By Johnanthony Alaimo
Rejoice my British friends and girls who have a “Keep Calm and Carry On” poster in their dorm rooms: Our favorite duchess is pregnant again. No, not Fergie. The other one. Kate Middleton is once again with child. Yes, she is carrying a bundle of joy that is causing her to vomit like she’s in “The Exorcist.” Unfortunately, she is suffering from the same violent morning sickness she went through with George, her firstborn. Otherwise, she could not be happier. The rest of the royal family is also in high spirits, even Prince Harry, who, with the birth of the new child, will be knocked down a peg in the line of succession from fourth to fifth. No word yet if a play date will be arranged with the new child and Blue Ivy, but sources close to the royal couple say that, as commoners, they are terrified of contacting Beyoncé.
And Jesus said, “Thou shall throw no shade lest you be never had drama.” Or maybe that was Tyra Banks. Quotes aside, Taylor Swift has been talking trash in the latest edition of Rolling Stone.

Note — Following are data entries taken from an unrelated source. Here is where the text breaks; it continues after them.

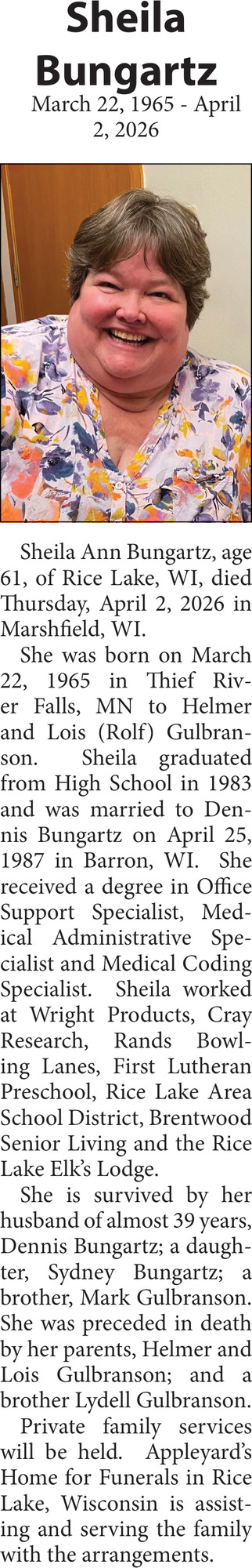 Apr 15, 2026. Obituaries Obituaries Ads from Rice Lake Chronotype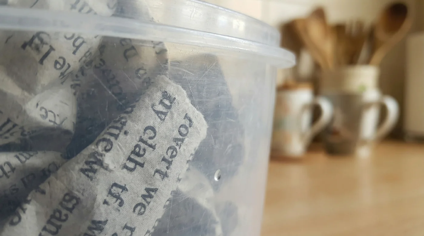 - Buruşturduğun bu kağıt toplarını kabın içine yerleştir ve kapağını hava almayacak şekilde sıkıca kapat.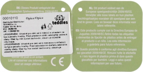 A hímzett szemek és mosoly, apró alkatrészek nélkül, alkalmassá teszik 0m+ babák számára.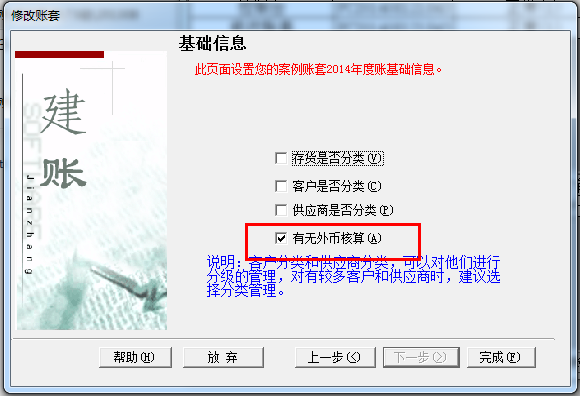 如果已经建立了账套可以demo(账套主管)的身份登录系统管理后点击账套下的修改,勾选上有无外币核算即可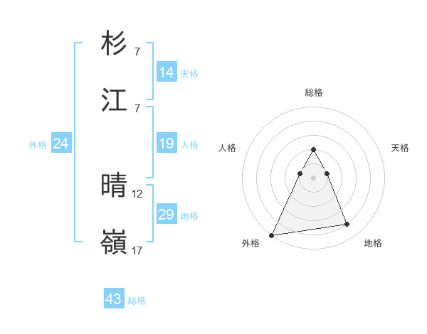 杉江 晴嶺さんを姓名の画数から五運を鑑定
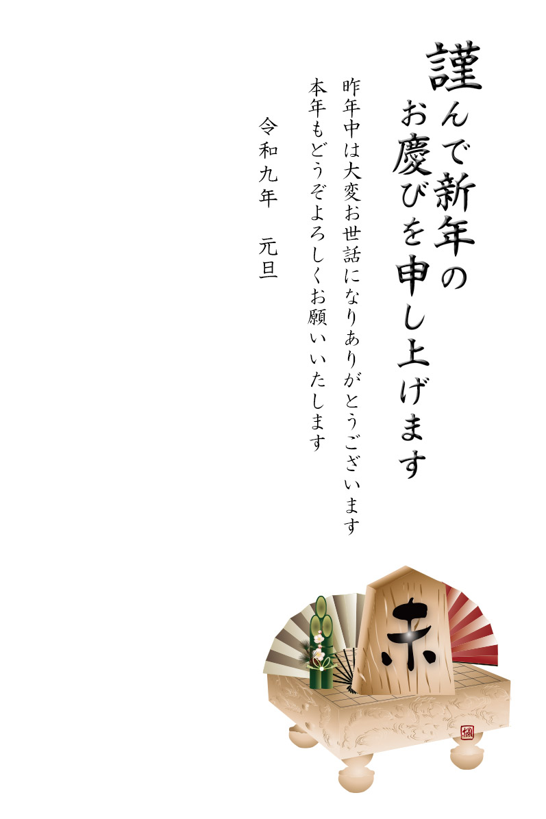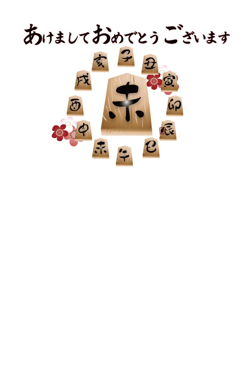 松竹梅を添えたイラストが中央から少し左に書いてあるイラストです。(以下 横型の午の文字の将棋の駒と松竹梅と称します)

Apparently, a fellow pop star was the inspiration of her song “Bad Blood,” which appears on her upcoming album “1989.” Here’s the extended quote: “For years, I was never sure if we were friends or not. She would come up to me at awards shows and say something and walk away, and I would think, ‘Are we friends, or did she just give me the harshest insult of my life?’ Then last year, the other star crossed a line. She did something so horrible, I was like, ‘Oh, we’re just straight-up enemies.’ And it wasn’t even about a guy!” Turns out the “star” (and I use that term lightly), is none other than Katy Perry, best known for singing about plastic bags and sounding like she’s singing out of one. Whatever Perry did, she better thank God Swift is done with country right now or she’d have tractor trailer marks all down her back.
And in more marriage news, Neil Patrick Harris and David Burtka married in a secret ceremony in Italy. First Beyoncé dropping an unannounced album, then Neil marrying his husband in secret, it’s like celebrities want privacy or something! Pft. Well, congrats to the happy couple. I wish them years of bliss, merriment and terrifying moments of asking each other whether or not they shut off the oven when they’re out.